Unlike Orpen, Roos views the war from the perception of the ordinary soldier who did the killing and dying, but mainly had to survive the tedium and bureaucratic bungling of the UDF. Although for many outside the ivory towers of academe, the theoretical sections on racism, whiteness and masculinity will be heavy going, it will be worth the effort as Roos succeeds admirably in conveying the Springboks' experiences. The book, for example, vividly brings to life the misery of Helwan Camp, the major UDF base camp in Egypt, some 90 kilometers from Cairo. The slow repatriation process and horrendous living conditions in the camp led to a riot in August 1945. The military leadership and government of Jan Smuts, aware of the legitimacy of the soldiers' frustrations, took a lenient attitude to events at Helwan. The authorities were, however, more concerned about the soldiers' sense of entitlement of special treatment as whites as part of their desire for social justice after the war.
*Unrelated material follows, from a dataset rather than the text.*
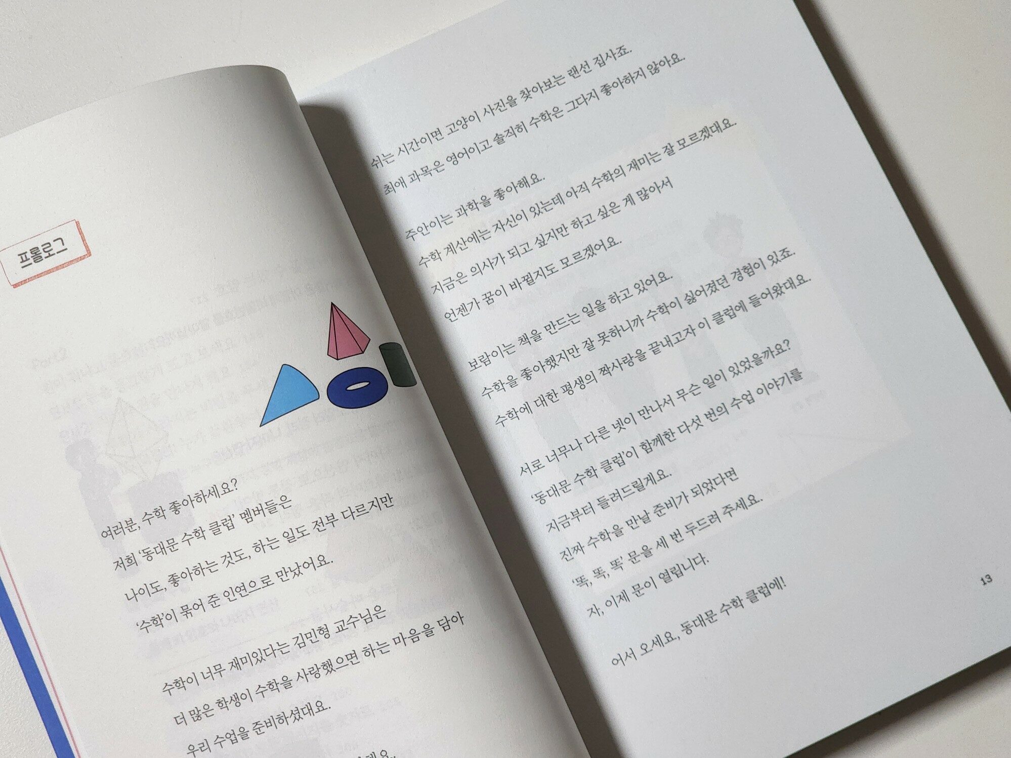 어찌 보면 수준별 학년별 구분도 없다. 교과서에 나오는 수학을 정리한 책도 아니다. 암기를 하거나 문제를 내고 맞추라는 수학 책도 아니다. 그런데 수학 책을 읽으며 모두가 즐거움을 느꼈다. 참 신기하고도 즐거운 경험을 하였다.
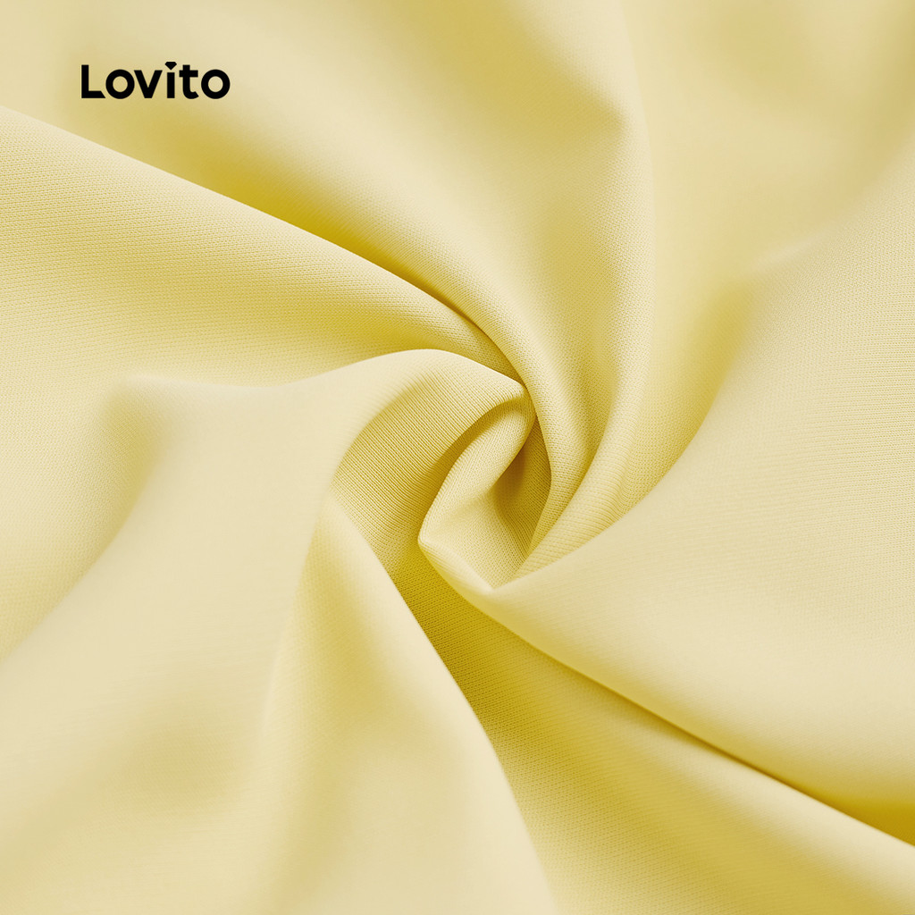 Lovito Elegante Vestido Amarelo De Metal Liso Com Bolso Falso Primavera/Verão Para Mulheres L134LD127

A large segment of white UDF volunteers came from the ranks of the poor. The desire to escape poverty, and not to serve King or country--although this was also a factor for many--was a powerful motive for volunteers. Many Afrikaner recruits were definitely not "King's Afrikaners" as they had no sense of loyalty to the British Empire, nor were they filled with the desire to fight fascism. The need to counter potential extravagant expectations of how servicemen should be provided for in the postwar world, as well as the fear of extremist political tendencies, especially a Nazi-inspired fifth column in the UDF or the possibility of a postwar fascist or Soldiers Party, led to the creation of the Army Education Scheme (AES). The intention was to school troops as citizens of a liberal democracy to counter exclusive Afrikaner nationalism and to encourage a more enlightened form of paternalism toward blacks. The AES succeeded in encouraging South Africanism by strengthening the ties of cooperation between English- and Afrikaans- speaking South Africans. The troops' love of freedom also was bolstered, but within the limits of a racist culture as the strict segregation in the UDF countered a more enlightened attitude toward blacks.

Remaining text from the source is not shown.